Дурнушка? Неправда, Тереза, несмотря на легкую сутулость, мила, но Людвиг не спорит. Джульетта вроде бы дружна со всеми кузинами, но кое-чего ей не скрыть. Она считает Терезу слишком «сухой» для своих лет. Жозефина тоже не хохотушка, но с ней иначе: за ее строгостью прячется малышка, повзрослевшая слишком рано; такова печать многих юных особ, выданных замуж с излишней разницей в возрасте. Жозефина преображается, когда поет и играет с Людвигом; Жозефина осторожно расцветает прямо сейчас, у него на глазах, когда ее подневольный брак медленно, но верно обращается в союз по любви. Дейму сорок восемь, но духом он истинный Оберон; у него лихая седеющая грива, тяжелые загадочные улыбки и размашистые жесты вояки. Свою Пепе он ваяет в скульптуре, собирает ей механических птиц, сам срезает букеты – всегда белые, всегда пьяняще-душистые и аккуратные. Он добр и терпелив, каждым поступком будто пытается выманить назад восторженную девочку, которую когда-то встретил в собственной галерее гофмановских диковин, – и у него получается. Позавчера утром Людвиг видел, как они танцуют в зале, полном механических органчиков, в огромном пятне солнца, под какую-то из фантазий Моцарта. Тереза же… Тереза словно сторонится всех на свете юношей и мужчин, хотя в доме их полно, один другого интереснее. Даже Людвиг чувствует ее нервозность, просто склоняясь ближе и помогая правильно поставить пальцы на клавиши. Зато Тереза восхищена Плутархом и Плинием, «Тараром» и Походом женщин на Версаль. Однажды, выпив слишком много игристого, она призналась, что у нее всего две мечты: «Сделать мир мудрее» и «Совершить подвиг». «А замуж?» – спросила такая же подгулявшая Джульетта, но Тереза, наградив ее тем самым «сухим» взглядом, отрезала: «Никогда не пойду за того, кто хочет иного»[76]. Возможно, ей стоило бы родиться мужчиной – проще жилось бы в этой семье. Людвиг тогда глядел, слушал украдкой и недоумевал: как может роднить этих двоих хотя бы одна капля крови?
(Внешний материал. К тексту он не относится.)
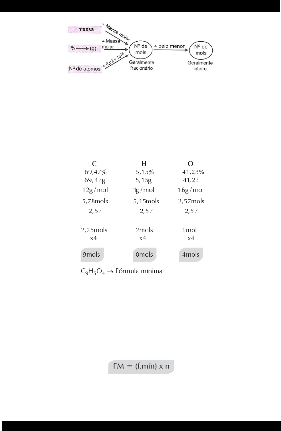 11 www.cursoanualdequimica.com – e-mail: cursodequimica@gmail.com II. dividir os dados obtidos em (I) pelo menor deles. Esta operação indica o índice do elemento na fórmula mínima. III. Caso um dos números não seja inteiro, multiplique todos por um menor número, de modo que se obtenha números inteiros. Exemplo 2: A análise de um determinado composto determinou que a sua composição centesimal é: 69,47% de “C”, 5,15% de “H” e 41,23% de “O”. Qual a sua fórmula mínima? 7. Fórmula molecular (F.M) A fórmula molecular de um composto é muito mais importante que a sua fórmula mínima, pois a fórmula molecular indica: • Os elementos formadores da substância; • O número exato de átomos de cada elemento na molécula do composto. A fórmula molecular de um composto é múltiplo da sua fórmula mínima. Onde “n” é um número inteiro que indica quantas vezes a fórmula mínima está contida na fórmula molecular. 12 www.cursoanualdequimica.com – e-mail: cursodequimica@gmail.com Exemplo 3: Um determinado hidrocarboneto apresenta 85,71% de C e 14,29% de H em massa. Sabendo que a massa molecular do hidrocarboneto é 42, determine sua fórmula mínima e a sua fórmula molecular. Dados: (C = 12u; H = 1 u) Cálculo da fórmula mínima: Desta forma a fórmula molecular é: (CH2)x3 = C3H6. 8. Cálculo da percentagem de carbono, hidrogênio e oxigênio a partir de uma dada massa do composto orgânico Em uma análise quantitativa dificilmente um composto é separado completamente em seus elementos, embora nossos exemplos possam ter levado você a pensar que isto acontece. Ao invés disso, o composto é transformado em outros compostos. As reações separam os elementos capturando cada um deles inteiramente (em termos quantitativos) em um composto separado cuja fórmula é conhecida. No exemplo a seguir ilustramos uma análise indireta de uma substância constituída exclusivamente por carbono, hidrogênio e oxigênio. Tais compostos queimam completamente na presença de oxigênio puro — uma reação denominada combustão — e os únicos produtos resultantes são dióxido de carbono e água. (Esta modalidade particular de análise indireta é algumas vezes chamada análise por combustão.) A combustão completa de álcool metílico (CH3OH), por exemplo, é representada pela seguinte equação. 2CH3OH + 3O2 → 2CO2 + 4H2O O dióxido de carbono e a água podem ser separados e suas massas podem ser medidas. Note que todos os átomos de carbono do composto original estão agora nas moléculas de CO2 e todos os átomos de hidrogênio estão nas moléculas de H2O. Deste modo, pelo menos dois entre os elementos originais, CH, estão totalmente separados. Calcularemos a massa de carbono no CO2 recolhido, que é idêntica à massa do carbono na amostra original. De modo semelhante, calcularemos a massa de hidrogênio na H2O recolhida, que é igual à massa de hidrogênio na amostra inicial. Quando adicionadas, as massas de C e H são menores que a massa total da amostra, pois parte desta é composta por oxigênio. Subtraindo a 13 www.cursoanualdequimica.com – e-mail: cursodequimica@gmail.com soma das massas de C e H da massa total da amostra, obtemos a massa de oxigênio na quantidade dada do composto. Procedimento: I. Efetua-se a combustão completa do composto. Os produtos resultantes são CO2 e H2O. II. Relacionar as massas de “C” com CO2 e “H” com H2O. • Todo “C” do CO2 se encontrava no composto orgânico. • Todo “H” do H2O se encontrava no composto orgânico. III. Determina-se as massas de “C” e de “H” no composto orgânico. IV. Calcular as percentagens de “C” e “H”. A% de oxigênio é encontrado subtraindo-se de 100 as duas percentagens de “C” e de “H”. Exemplo 4 Uma amostra de 4,24mg de ácido acético (CH3COOH) sofre uma combustão completa e produz 6,21mg de CO2 e 2,54mg H2O. Determine a composição centesimal do ácido acético. Dados: C = 12u; H = 1u; O = 16u Solução: • Combustão completa do composto. CH3COOH + 2O2 2CO2 + 2H2O • Todo “C” do CO2 se encontrava no composto orgânico. CO2 C 44g ––––––––––––– 12g 6,21mg –––––––––– x Todo “H” do H2O se encontrava no composto orgânico. H2O 2H 18g –––––––––––––– 2g 2,54mg –––––––– y No composto orgânico existem 1,69mg de C e 0,28mg de H. • Cálculo da percentagem de C, H e O: % de O = 100% - (39,9% + 6,72%) = 53,4% O cálculo da percentagem de oxigênio poderia ter sido feito calculando-se a massa de oxigênio no composto orgânico: m(O) = 4,24mg – (m(C) + m(H)) 4,24mg -------------- 100% 1,69 mg ----------------X% X = 39,9% % de C 4,24mg -------------- 100% 0,29 mg ----------------y% y = 6,7% % de H 14 www.cursoanualdequimica.com – e-mail: cursodequimica@gmail.com m(O) = 4,24mg – (1,69 mg + 0,28 mg) m(O) = 2,27g de O Observação: Fórmula centesimal = C39,9% H6,7% O53,4%. 15 www.cursoanualdequimica.com – e-mail: cursodequimica@gmail.com CÁLCULOS QUÍMICOS E CÁLCULOS DE FÓRMULAS Exercícios de Aprendizagem 01. Sabendo que a massa atômica da prata é igual a 108u, podemos afirmar que um átomo de prata pesa: I. 108g. II. 108u. III. 108 vezes mais que o átomo de 12C. IV. 108 vezes mais que 1/12 do átomo de 12C. V. 9 vezes mais que um átomo de 12C. Estão corretas somente as afirmações: a) I, III e V b) II, III e V c) II, IV e V d) II e IV e) I 02. Considere as seguintes afirmações relativas ao isótopo 39K: I. Um átomo de 39K pesa aproximadamente 39g. II. Um átomo de 39K tem massa atômica aproximadamente igual a 39u. III. Um átomo de 39K tem massa aproximadamente 39 vezes maior que a massa do átomo de 12C. IV. Um átomo de 39K tem massa aproximadamente igual a 3,25 vezes a massa de um átomo de 12C. V. 12 átomos de 39K tem massa aproximadamente igual à de 39 átomos de 12C. Estão corretas somente as afirmações: a) II, IV e V b) II e IV c

– Да… Терезе безопаснее, – старается Людвиг обратить все в шутку. – Граф все-таки ревнивец, с него станется меня поколотить. Или набить шестеренками, как автомат.
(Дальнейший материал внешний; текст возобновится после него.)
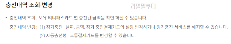 월 정기충전을 하시다가 변경을 하고 싶거나 조회를 하고 싶은 경우에는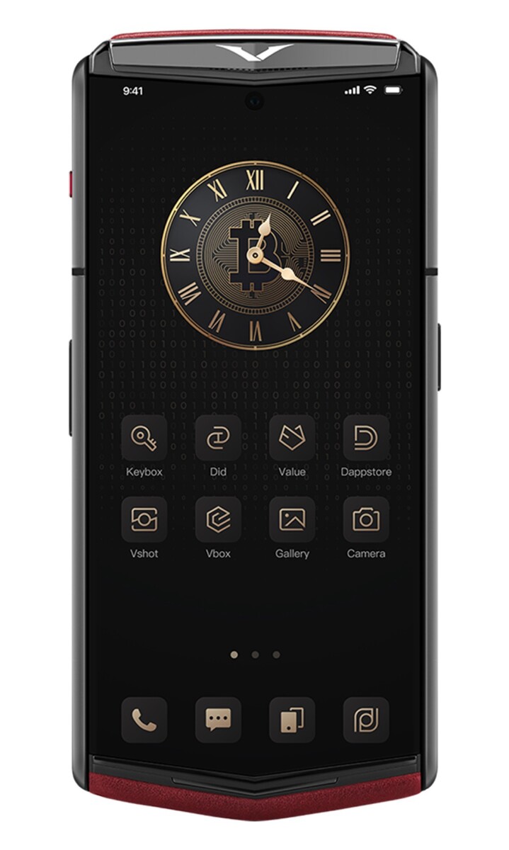 虽然到目前为止还没有透露更多的技术规格,但图片已经显示出 Vertu 正在关注加密货币和区块链技术。这款智能手机显然配备了一个区块链应用程序商店和一个比特币主题。照相机应用程序应该可以通过人工智能修改照片,例如可以去除人像中的眼镜。不过,手机左侧红色按钮的用途目前还不清楚。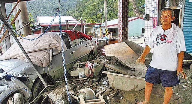 和中部落災(zāi)民林漢吉回到土石掩埋的家園,慶幸和家人跑得快,逃過(guò)一劫。(圖片來(lái)自臺(tái)媒)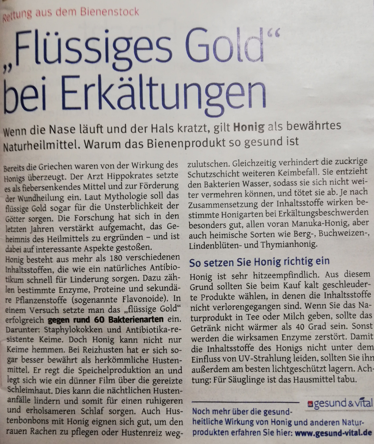 Für die Haut ist Honig gesund, da er Hautkrankheiten wie Schuppenflechte, Hämorrhoiden und Herpesbläschen heilen kann. Zudem wirkt Honig antibakteriell, antientzündlich und kann bei Verbrennungen und Wunden Abhilfe schaffen.

Хихикнув, Джульетта прибавляет шагу; Людвиг идет следом, думая – с умилением и недоумением сразу – как же она переменчива, как неверна порывам и как резко судит о людях. Сущий ребенок, а еще назвала ветреным его! У них было столько веселых минут за эти месяцы, столько шуток и перепалок, столько сплетен. Каждая встреча – праздник; все время звенит в ушах ее игристый смех. В этом она совсем непохожа на…
– Исчезни, – снова шепчет он.
В этот раз Джульетта не оборачивается: уже отвлеклась и, скорее всего, вообще забыла про беседу.
– Во-от! – Она показывает вперед. – Смотри, какие красивые! Они почему-то всегда оживляются под вечер! Наверное, из-за этих мерцающих жучков!
Они незаметно подошли к пруду, над которым действительно мечутся желто-зеленые искорки – светляки. Они не спускаются к густой сине-зеленой ряби – витают на расстоянии, словно дразнясь, а вода волнуется в ответ: в толще снуют крупные серебристые силуэты. Рыбы. Иногда они тщетно пытаются достать светляков. Пруд действительно полон рыб, есть даже ощущение, что им тесновато в такой толпе.
– Не знал, что их столько… – растерянно говорит Людвиг: у пруда он бывал редко.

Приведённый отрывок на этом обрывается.